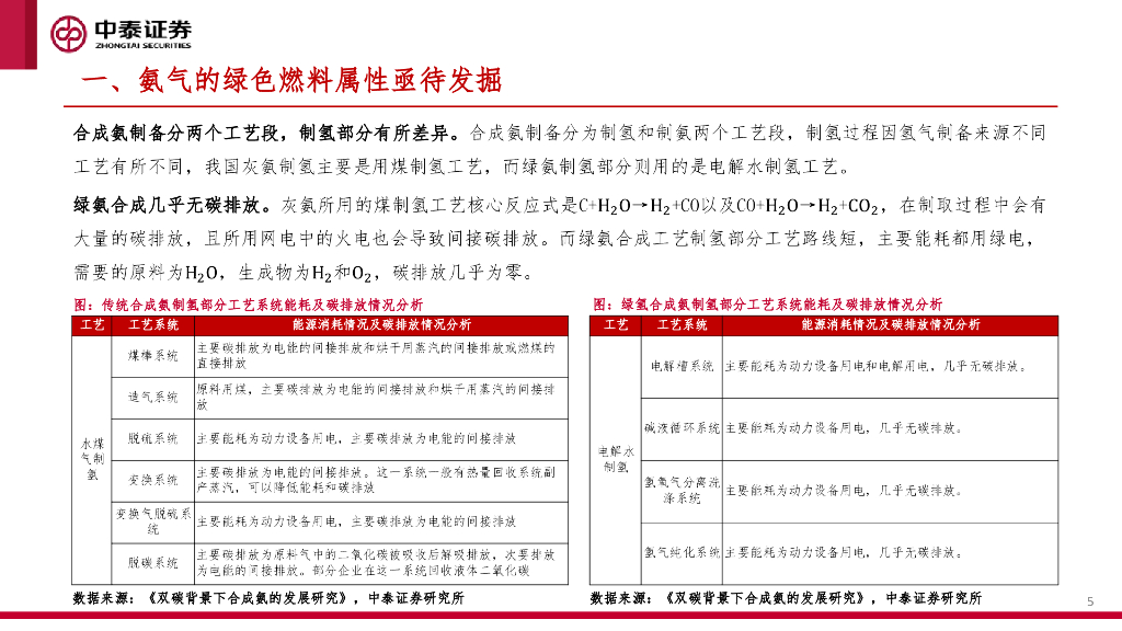 中泰证券:氢能洞察系列研究之一:绿氨掺烧—煤改新政有望打开绿氢绿氨发展空间.pdf
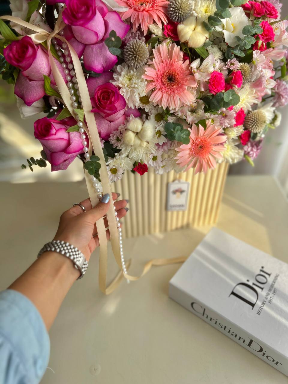 ⚠️در محصولات سفارشی،محصول ۸۰ درصد مشابه عکس فوق خواهد بود و اندکی تغییر با توجه به موجودی گل روز و …امکانپذیر است.
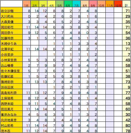 ちなみにキャプテンだけ見ると峯岸だけが異様に少ない
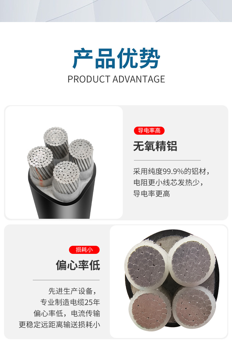 알루미늄 코어 케이블 YJLV22 4 3+1 코어 10 16 25 35 50 70 평방미터 공중용 강화 전력 케이블스토어 가기
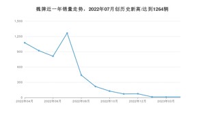 在国内市场上,魏牌,在2023年4月的销量为13辆,同比下降98.79%,环比持平。2022年04月-2023年04月份,魏牌累计销量为5038辆,较去年同期下降74.49%。
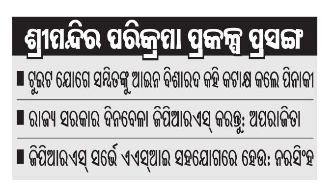 ଏହି ପ୍ରସଙ୍ଗରେ ଭୁବନେଶ୍ୱର ଏମ୍‌ପି ତଥା ବରିଷ୍ଠ ଭାଜପା ନେତା ଅପରାଜିତା ଷଡ଼ଙ୍ଗୀ କହିଛନ୍ତି, ସାଢେ ଚାରିକୋଟି ଓଡ଼ିଶାବାସୀ ଶ୍ରୀମନ୍ଦିର ପରିକ୍ରମା ପ୍ରକଳ୍ପର ସତ ଜାଣିସାରିଲେଣି। ଏବେ ତ ଭୁଲ୍‌ ସୁଧାରିବାକୁ ପଡ଼ିବ। ଏଣୁ ରାତିଅଧିଆ ଜିପିଆର୍‌ଏସ୍‌ କରିବାକୁ ପଡ଼ୁଛି। ଶ୍ରୀଜଗନ୍ନାଥ ଅଭ୍ୟର୍ଥନା କେନ୍ଦ୍ରକୁ ନିଷିଦ୍ଧାଞ୍ଚଳ ବାହାରକୁ ଆଣିବାକୁ ବାଧ୍ୟ ହେଲେ। ଏନ୍‌ଏମ୍‌ଏ ଚିଠି ଲେଖି ପ୍ରଶାସନକୁ ନିର୍ମାଣର ଉଚ୍ଚତା ମେଘନାଦ ପ୍ରାଚୀରଠାରୁ କମ୍‌ ରଖିବାକୁ କୁହାଗଲା। ରାଜ୍ୟ ସରକାର ଭୁଲ୍‌ କରିଛନ୍ତି, ସେଥିପାଇଁ ଚିଠି ଲେଖାଯାଇଥିଲା। ରାଜ୍ୟ ସରକାର ସାମୂହିକ ଭାବେ ଆମ୍‌ସାର୍‌ ଆକ୍ଟ-୧୯୫୮କୁ ଉଲ୍ଲଂଘନ କରିଛନ୍ତି। ଏଣୁ ଏବେ ପାରଦର୍ଶିତା ଦେଖାନ୍ତୁ, ରାତିରେ ନୁହେଁ ବରଂ ଦିନବେଳା ଜିପିଆରଏସ୍‌ କରନ୍ତୁ ବୋଲି ସେ କହିଛନ୍ତି। କଂଗ୍ରେସର ବରିଷ୍ଠ ନେତା ନରସିଂହ ମିଶ୍ର ମଧ୍ୟ ସରକାରଙ୍କୁ ଟାର୍ଗେଟ କରିଛନ୍ତି। ଘନ ଅନ୍ଧକାରରେ ଚୋର ଓ ଡକାୟତମାନେ କାର୍ଯ୍ୟ କରନ୍ତି। ରାଜ୍ୟ ସରକାର ହୁଅନ୍ତୁ ଅବା କେନ୍ଦ୍ର ସରକାର, ଯିଏ ବି ହୁଅନ୍ତୁ, ରାତିଅଧିଆ କାର୍ଯ୍ୟ ବନ୍ଦ ହେଉ। ସ୍ବଚ୍ଛତା ଥିଲେ ଦିବାଲୋକରେ କାର୍ଯ୍ୟ ହେଉ। ଗୃହ କମିଟି ଏକ ସର୍ବଦଳୀୟ କମିଟି। ଏହା ବିଶ୍ୱାସଯୋଗ୍ୟ ତଦନ୍ତ କରିପାରିବେ। ଗୃହ କମିଟି ଯାଇ ଶ୍ରୀମନ୍ଦିର ପରିକ୍ରମା ପ୍ରକଳ୍ପ କାର୍ଯ୍ୟର ସ୍ଥିତି ଯାଞ୍ଚ କରୁ। ରିପୋର୍ଟ ପ୍ରସ୍ତୁତ ହେଉ। ସେହିଭଳି ପ୍ରଶାସନ ଜିପିଆରଏସ୍‌ ସର୍ଭେ ଏଏସ୍‌ଆଇ ସହଯୋଗରେ କରାଯାଉ। ସରକାର ଭୁଲ କରିଛନ୍ତି ଏହା ପ୍ରମାଣିତ ହେଉଛି। ହାଇକୋର୍ଟ ପ୍ରକଳ୍ପ କାର୍ଯ୍ୟ ଉପରେ ରହିତାଦେଶ ଦେବାର ଆବଶ୍ୟକତା ରହିଥିଲା ବୋଲି କହିଛନ୍ତି କଂଗ୍ରେସ ବିଧାୟକ ମିଶ୍ର। ଅନ୍ୟପକ୍ଷରେ ବିଜେଡିର ମୁଖପାତ୍ର ସୁଲତା ଦେଓ କହିଛନ୍ତି, ସମ୍ବିତ ପୁରୀ ଲୋକଙ୍କୁ ବିଭ୍ରାନ୍ତ କରୁଛନ୍ତି। ପ୍ରକଳ୍ପ କାର୍ଯ୍ୟ ଆରମ୍ଭ ପୂର୍ବରୁ ଜିପିଆର୍‌ଏସ୍‌ ହୋଇ ଏନ୍‌ଏମ୍‌ଏକୁ ଡିପିଆର୍‌ ହସ୍ତାନ୍ତର ହୋଇଛି। ଯେଉଁ ସେବାୟତ ଓ ସ୍ଥାନୀୟ ଲୋକେ ପରିକ୍ରମା ପ୍ରକଳ୍ପ ପାଇଁ ଜମି ଅଧିଗ୍ରହଣରେ ସହଯୋଗ କରିଛନ୍ତି, ସେମାନେ କେବେ ହେଲେ କ୍ଷମା କରିବେ ନାହିଁ। ଏଣୁ ସମ୍ବିତ ଅଯଥା ରାଜନୀତି କରିବା ବନ୍ଦ କରନ୍ତୁ ବୋଲି ସୁଲତା ପ୍ରକାଶ କରିଛନ୍ତି।
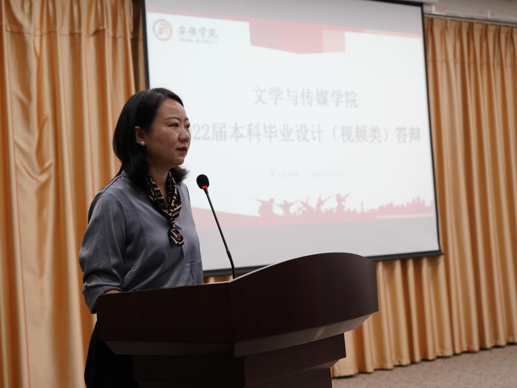 最后,经答辩组讨论,一致同意8位同学通过毕业设计答辩,答辩组组长谭诗民宣读答辩结果。白堇对本次答辩进行总结。她对4份视频作品的完成度表示赞赏,并对8位答辩同学的视频制作能力表示肯定。她指出,网络与新媒体专业是年轻人施展才华、为媒体行业发展注入新鲜活力的输出口,希望本专业员工不断提高内容生产能力,不断挖掘素材的传播价值,注重策划先行,锻炼吃苦耐劳的意志力和团队协作能力,在未来创作出更具社会价值的视频作品。
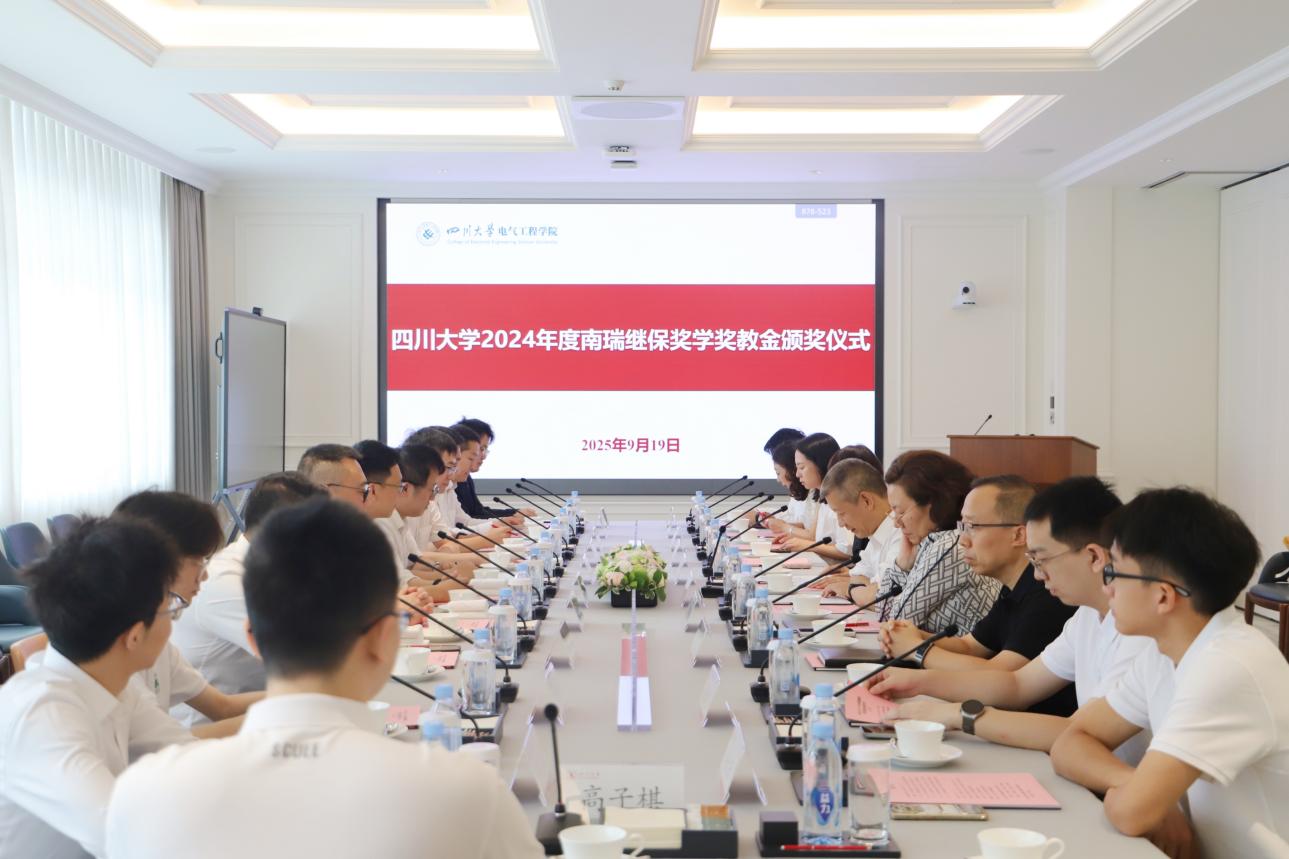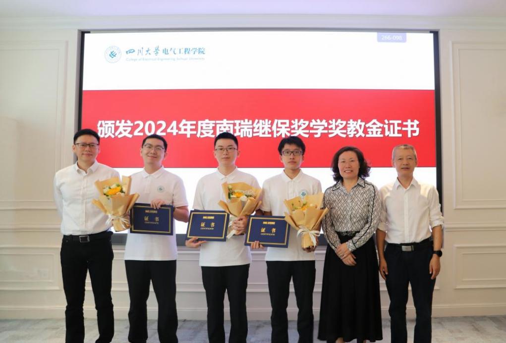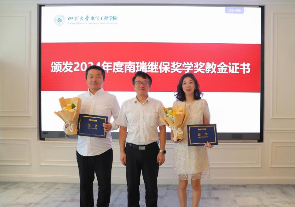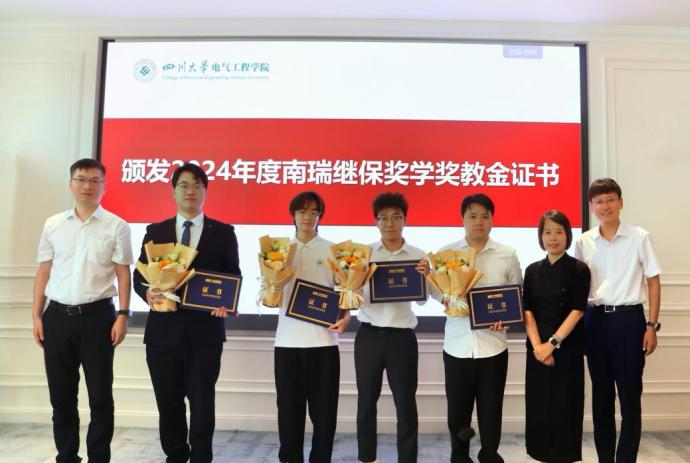 2024年度南瑞继保奖学奖教金颁奖仪式在望江校区举行。南京南瑞继保电气有限公司副总经理兼研究院院长文继峰,工程服务中心主任周敬,人力资源部副主任徐超,营销中心华中大区经理苏涛,研究院柔性所副所长邹强,营销中心四川省区经理陈炜;学校党委学生工作部副部长卢希芬,对外联络办公室副主任贾秀娥;学院党委书记赵昱辉,院长肖先勇,副书记戴婷婷,副院长李长松出席仪式。颁奖仪式由戴婷婷副书记主持。
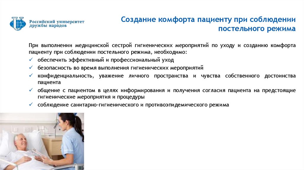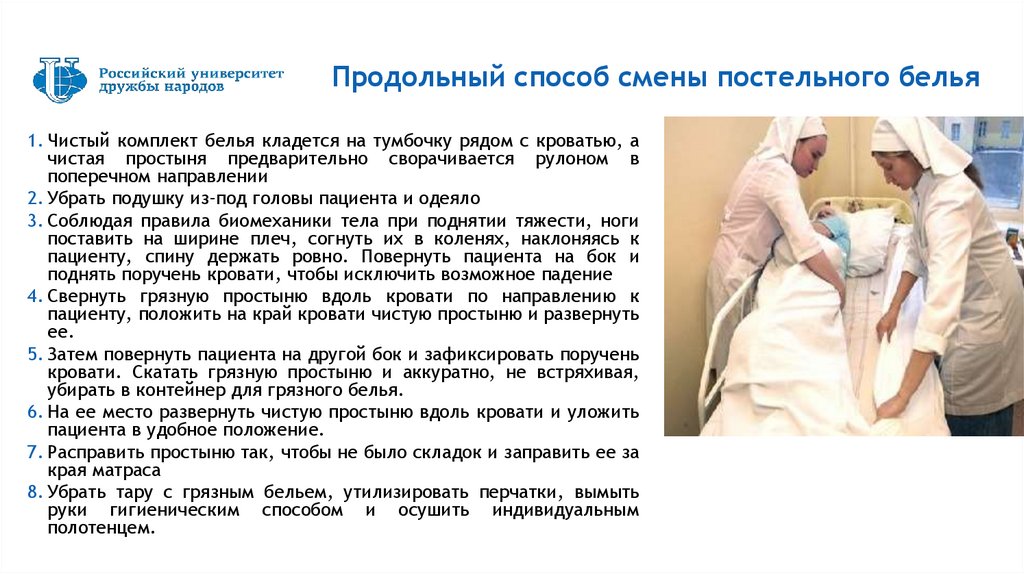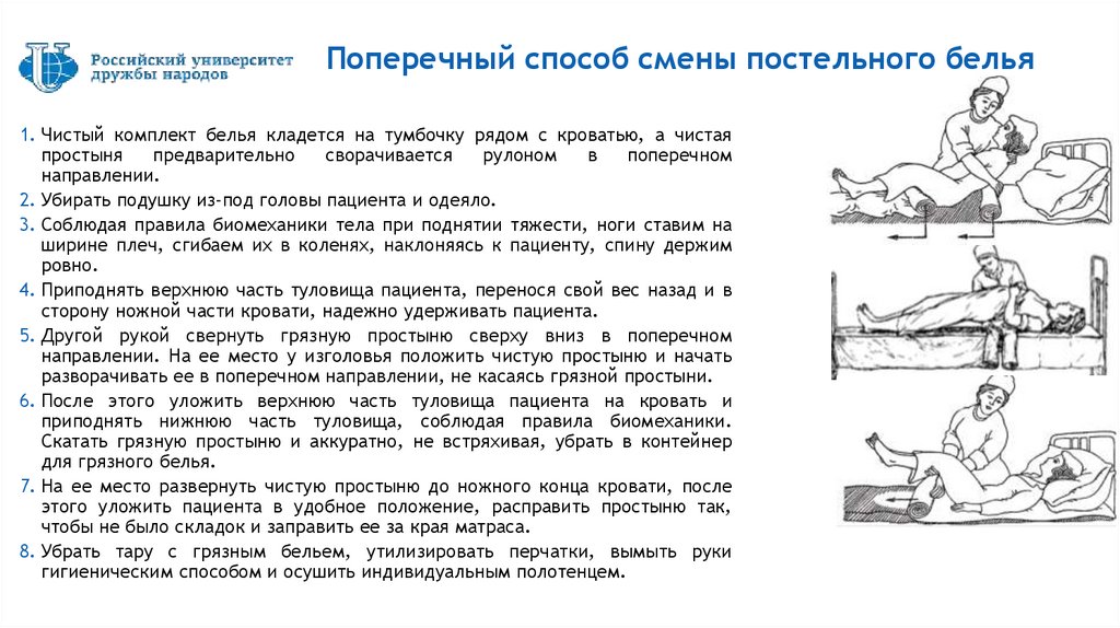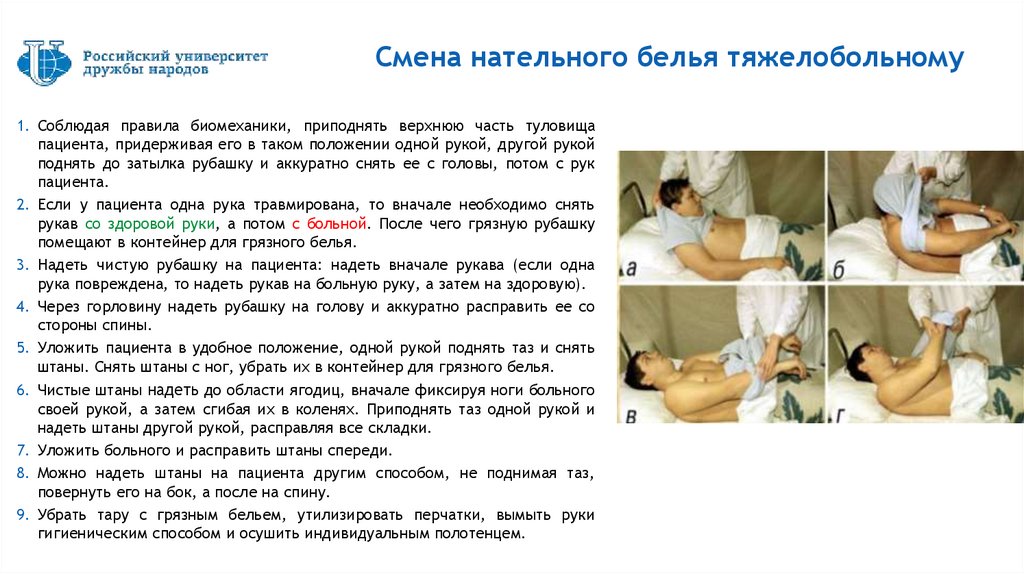 мочеприемник или приподнять таз одной рукой, соблюдая правила биомеханики, и поместить судно

> _Task to carry out_:
Return all the material exactly, pictures excluded.

> _Final answer_:
 中泰证券:氢能洞察系列研究之一:绿氨掺烧—煤改新政有望打开绿氢绿氨发展空间.pdf
 ⚠️در محصولات سفارشی،محصول ۸۰ درصد مشابه عکس فوق خواهد بود و اندکی تغییر با توجه به موجودی گل روز و …امکانپذیر است.
 ちなみにキャプテンだけ見ると峯岸だけが異様に少ない
 알루미늄 코어 케이블 YJLV22 4 3+1 코어 10 16 25 35 50 70 평방미터 공중용 강화 전력 케이블스토어 가기
 在国内市场上,魏牌,在2023年4月的销量为13辆,同比下降98.79%,环比持平。2022年04月-2023年04月份,魏牌累计销量为5038辆,较去年同期下降74.49%。
 ଏହି ପ୍ରସଙ୍ଗରେ ଭୁବନେଶ୍ୱର ଏମ୍‌ପି ତଥା ବରିଷ୍ଠ ଭାଜପା ନେତା ଅପରାଜିତା ଷଡ଼ଙ୍ଗୀ କହିଛନ୍ତି, ସାଢେ ଚାରିକୋଟି ଓଡ଼ିଶାବାସୀ ଶ୍ରୀମନ୍ଦିର ପରିକ୍ରମା ପ୍ରକଳ୍ପର ସତ ଜାଣିସାରିଲେଣି। ଏବେ ତ ଭୁଲ୍‌ ସୁଧାରିବାକୁ ପଡ଼ିବ। ଏଣୁ ରାତିଅଧିଆ ଜିପିଆର୍‌ଏସ୍‌ କରିବାକୁ ପଡ଼ୁଛି। ଶ୍ରୀଜଗନ୍ନାଥ ଅଭ୍ୟର୍ଥନା କେନ୍ଦ୍ରକୁ ନିଷିଦ୍ଧାଞ୍ଚଳ ବାହାରକୁ ଆଣିବାକୁ ବାଧ୍ୟ ହେଲେ। ଏନ୍‌ଏମ୍‌ଏ ଚିଠି ଲେଖି ପ୍ରଶାସନକୁ ନିର୍ମାଣର ଉଚ୍ଚତା ମେଘନାଦ ପ୍ରାଚୀରଠାରୁ କମ୍‌ ରଖିବାକୁ କୁହାଗଲା। ରାଜ୍ୟ ସରକାର ଭୁଲ୍‌ କରିଛନ୍ତି, ସେଥିପାଇଁ ଚିଠି ଲେଖାଯାଇଥିଲା। ରାଜ୍ୟ ସରକାର ସାମୂହିକ ଭାବେ ଆମ୍‌ସାର୍‌ ଆକ୍ଟ-୧୯୫୮କୁ ଉଲ୍ଲଂଘନ କରିଛନ୍ତି। ଏଣୁ ଏବେ ପାରଦର୍ଶିତା ଦେଖାନ୍ତୁ, ରାତିରେ ନୁହେଁ ବରଂ ଦିନବେଳା ଜିପିଆରଏସ୍‌ କରନ୍ତୁ ବୋଲି ସେ କହିଛନ୍ତି। କଂଗ୍ରେସର ବରିଷ୍ଠ ନେତା ନରସିଂହ ମିଶ୍ର ମଧ୍ୟ ସରକାରଙ୍କୁ ଟାର୍ଗେଟ କରିଛନ୍ତି। ଘନ ଅନ୍ଧକାରରେ ଚୋର ଓ ଡକାୟତମାନେ କାର୍ଯ୍ୟ କରନ୍ତି। ରାଜ୍ୟ ସରକାର ହୁଅନ୍ତୁ ଅବା କେନ୍ଦ୍ର ସରକାର, ଯିଏ ବି ହୁଅନ୍ତୁ, ରାତିଅଧିଆ କାର୍ଯ୍ୟ ବନ୍ଦ ହେଉ। ସ୍ବଚ୍ଛତା ଥିଲେ ଦିବାଲୋକରେ କାର୍ଯ୍ୟ ହେଉ। ଗୃହ କମିଟି ଏକ ସର୍ବଦଳୀୟ କମିଟି। ଏହା ବିଶ୍ୱାସଯୋଗ୍ୟ ତଦନ୍ତ କରିପାରିବେ। ଗୃହ କମିଟି ଯାଇ ଶ୍ରୀମନ୍ଦିର ପରିକ୍ରମା ପ୍ରକଳ୍ପ କାର୍ଯ୍ୟର ସ୍ଥିତି ଯାଞ୍ଚ କରୁ। ରିପୋର୍ଟ ପ୍ରସ୍ତୁତ ହେଉ। ସେହିଭଳି ପ୍ରଶାସନ ଜିପିଆରଏସ୍‌ ସର୍ଭେ ଏଏସ୍‌ଆଇ ସହଯୋଗରେ କରାଯାଉ। ସରକାର ଭୁଲ କରିଛନ୍ତି ଏହା ପ୍ରମାଣିତ ହେଉଛି। ହାଇକୋର୍ଟ ପ୍ରକଳ୍ପ କାର୍ଯ୍ୟ ଉପରେ ରହିତାଦେଶ ଦେବାର ଆବଶ୍ୟକତା ରହିଥିଲା ବୋଲି କହିଛନ୍ତି କଂଗ୍ରେସ ବିଧାୟକ ମିଶ୍ର। ଅନ୍ୟପକ୍ଷରେ ବିଜେଡିର ମୁଖପାତ୍ର ସୁଲତା ଦେଓ କହିଛନ୍ତି, ସମ୍ବିତ ପୁରୀ ଲୋକଙ୍କୁ ବିଭ୍ରାନ୍ତ କରୁଛନ୍ତି। ପ୍ରକଳ୍ପ କାର୍ଯ୍ୟ ଆରମ୍ଭ ପୂର୍ବରୁ ଜିପିଆର୍‌ଏସ୍‌ ହୋଇ ଏନ୍‌ଏମ୍‌ଏକୁ ଡିପିଆର୍‌ ହସ୍ତାନ୍ତର ହୋଇଛି। ଯେଉଁ ସେବାୟତ ଓ ସ୍ଥାନୀୟ ଲୋକେ ପରିକ୍ରମା ପ୍ରକଳ୍ପ ପାଇଁ ଜମି ଅଧିଗ୍ରହଣରେ ସହଯୋଗ କରିଛନ୍ତି, ସେମାନେ କେବେ ହେଲେ କ୍ଷମା କରିବେ ନାହିଁ। ଏଣୁ ସମ୍ବିତ ଅଯଥା ରାଜନୀତି କରିବା ବନ୍ଦ କରନ୍ତୁ ବୋଲି ସୁଲତା ପ୍ରକାଶ କରିଛନ୍ତି।
 最后,经答辩组讨论,一致同意8位同学通过毕业设计答辩,答辩组组长谭诗民宣读答辩结果。白堇对本次答辩进行总结。她对4份视频作品的完成度表示赞赏,并对8位答辩同学的视频制作能力表示肯定。她指出,网络与新媒体专业是年轻人施展才华、为媒体行业发展注入新鲜活力的输出口,希望本专业员工不断提高内容生产能力,不断挖掘素材的传播价值,注重策划先行,锻炼吃苦耐劳的意志力和团队协作能力,在未来创作出更具社会价值的视频作品。
 2024年度南瑞继保奖学奖教金颁奖仪式在望江校区举行。南京南瑞继保电气有限公司副总经理兼研究院院长文继峰,工程服务中心主任周敬,人力资源部副主任徐超,营销中心华中大区经理苏涛,研究院柔性所副所长邹强,营销中心四川省区经理陈炜;学校党委学生工作部副部长卢希芬,对外联络办公室副主任贾秀娥;学院党委书记赵昱辉,院长肖先勇,副书记戴婷婷,副院长李长松出席仪式。颁奖仪式由戴婷婷副书记主持。
 мочеприемник или приподнять таз одной рукой, соблюдая правила биомеханики, и поместить судно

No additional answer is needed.